The Golden Bowl
Nearly a hundred years after Marcel Duchamp took a porcelain urinal signed “R. Mutt” and turned it into art, calling it “Fountain” (1917), Saudi Arabia’s King Abdullah has gifted his daughter a toilet made entirely of gold as a wedding gift.
“The Golden Toilet” (2014) as a name or title for the toilet is a bit of tautology: it is like a last minute reminder of wealth and opulence, just in case anyone forgot or doubted that the intestines of this toilet was made of gold, a bit like being told that one would be surrounded by made-to-order bodies in a beauty contest.
Duchamp, in case it needs reminding, was working on the aesthetic of the readymade, by positing it against what he called ‘retinal art’, art that appealed to the eye alone. His work was founded on ‘visual indifference’ and much of his work hinges on how ‘found objects’ are turned into works of art. The ‘first’ definition of ‘readymade’ is commonly thought to be made by Duchamp though Andre Breton and Paul Eluard, who compiled the Dictionnaire abrege du Surrealisme later denied it: ‘an ordinary object elevated to the dignity of a work of art by the mere choice of an artist …’.
The porcelain urinal had arrived as a piece of sculpture from a female friend whose signature on it is a pseudonym: ‘R. Mutt’; Richard Mutt. All that Duchamp did was to reorient the urinal to a position that was 90 degrees from its normal position of use. He then wrote ‘R. Mutt 1917’ on it. Why R. Mutt? Among the many interpretations of ‘Fountain’ over nearly a century, I find two to be useful in my understanding of King Abdullah’s ‘The Golden Toilet’: R. Mutt could be ‘armut’, meaning ‘poverty’ in German, and ‘R’ could mean ‘Richard’, a French slang for ‘moneybags’.
Nearly a hundred years later, King Abdullah turns Duchamp’s Fountain on its head. If anyone ever spoke back to the Empire, this is it: the audacity of abundance, challenging the entire notion of the readymade and industrial production that birthed that aesthetic, bringing into its fold the hierarchy among men. All this is at complete odds with the modernist impulse of Duchamp’s work. If there ever was a gross corruption of ‘retinal art’, this is it, for the butt (rhymes with ‘Mutt’, remember) is indifferent to the stock exchange value of metals, gold or iron.
The Golden Toilet reiterates the belief that all men might be created equal but some men’s faeces are more equal than others. ‘Fountain’ was an object of use turned into art.
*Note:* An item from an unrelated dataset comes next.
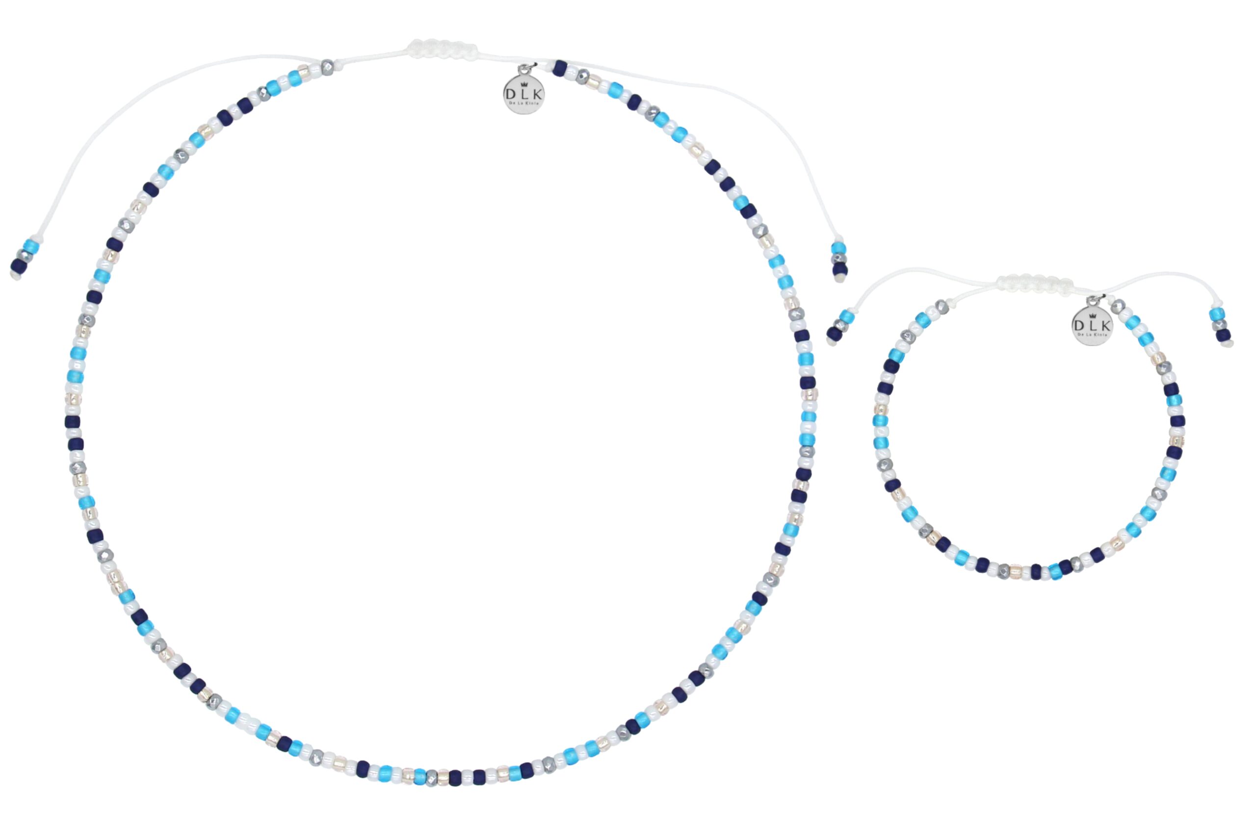 Naszyjnik i bransoletka osadzone są na regulowanym sznurku, co zapewnia idealne dopasowanie zarówno na dekolcie, jak i na nadgarstku: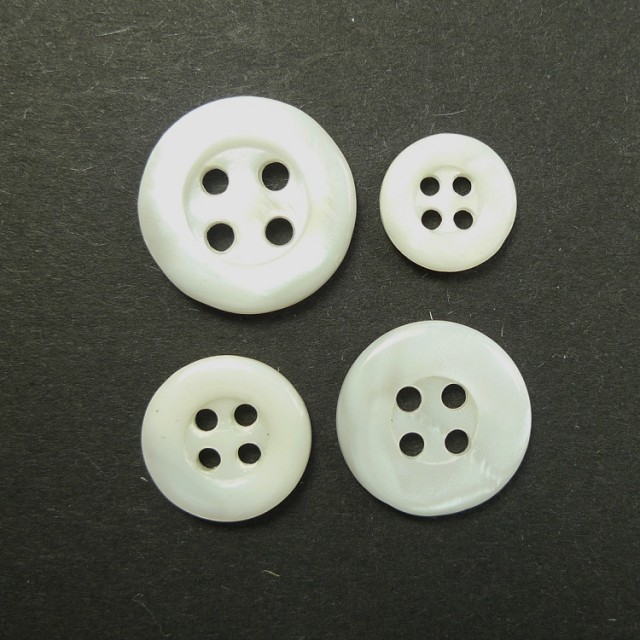 Solide, hvite skjellknapper, 4 hull, 4 størrelser.

The Golden Toilet is art compelled into use. Duchamp wanted to de-deify the artist. King Abdullah’s aim seems to deify the man on the commode, turning every person who excretes or urinates into the bowl into an artist.
Four people, the South African artist Kendell Geers, the musician Brian Eno, and the Chinese performance artists Yuan Chai and Jian Jun Xi, have claimed to urinate in the Fountain. How many people will ever urinate in The Golden Toilet? And will that excrement be a work of art?
Who is the artist in the Age of Abundance then? And what is art? Golden Shit?